Monday, July 20th, 2009
Two of our biggest bugbears are sponsored conversation and lack of transparency in online word of mouth. So it’s good to see social media ethics hitting the news as New York’s Attorney General Andrew Cuomo orders plastic surgery franchise Lifestyle Lift to pay $300,000 penalties and costs for astroturfing – publishing fake positive consumer reviews across the web – as well as intervening in and trying to ban other negative WOM. Hair(line) raising indeed.
This comes on the back of news that the Federal Trade Commission (FTC) has proposed new guidelines on social media disclosure:
“brands and bloggers both may be held liable should either the FTC or scorned consumers deem that their actions or claims misguided them, or misrepresented the actual performance or efficacy of the product or service in question… the ability for a consumer to exercise better judgment and common sense is indefensible when a glaring absence of disclosure is pervasive”

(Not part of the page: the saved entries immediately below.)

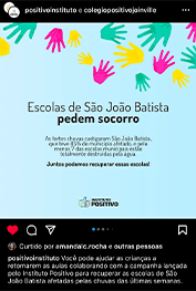 O valor arrecadado em cada uma delas foi dobrado pelo Instituto e revertido em insumos demandados pelas escolas, conforme avaliação do prejuízo sofrido com as águas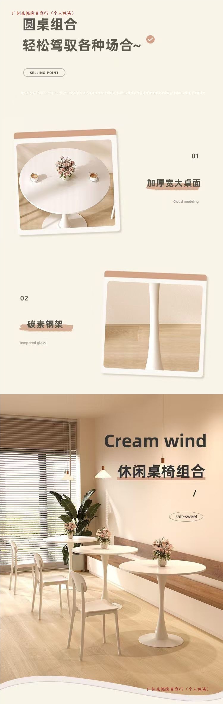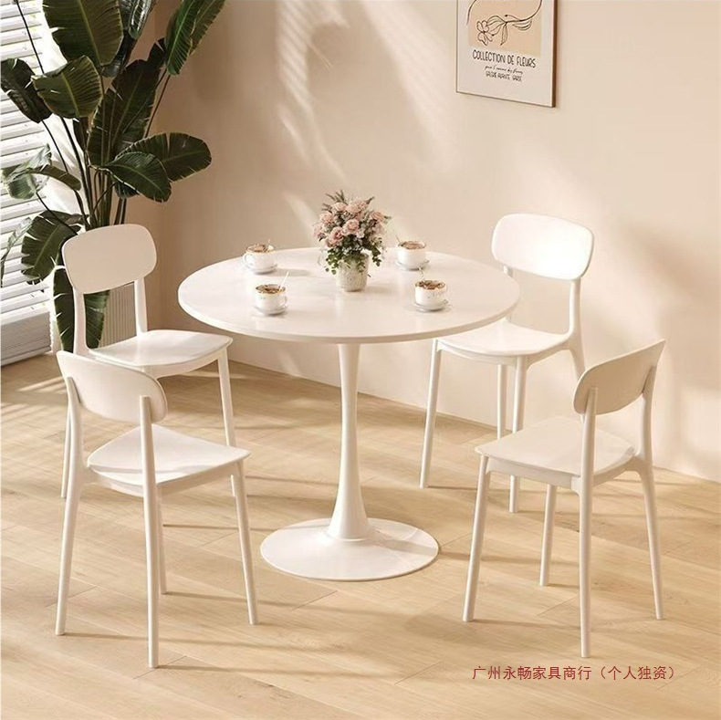 흰색 북유럽 테이블 발코니 라운드 협상 밀크티 커피 숍 테이블과 의자 조합 식탁 튤립 원형 테이블 식탁스토어 가기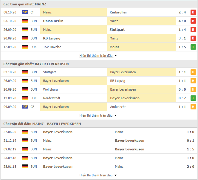 Phong độ gần đây & Thành tích đối đầu FSV Mainz 05 vs Bayer Leverkusen

Brian Solis’s TechCrunch post gives an excellent overview of the state of play so far and chimes with our own belief in the pointlessness and damage of sponsored conversation – although some brands are still trying to leverage paid WOM into every platform possible, such as TNT’s sponsored tweets. It’s also worth keeping an eye on Jeremiah Owyang’s running list of sponsored conversations in social media, a roundup of brands whose ethical policy evidently goes something along the lines of ‘Independence? Emotional engagement? Mutual respect? Meh.’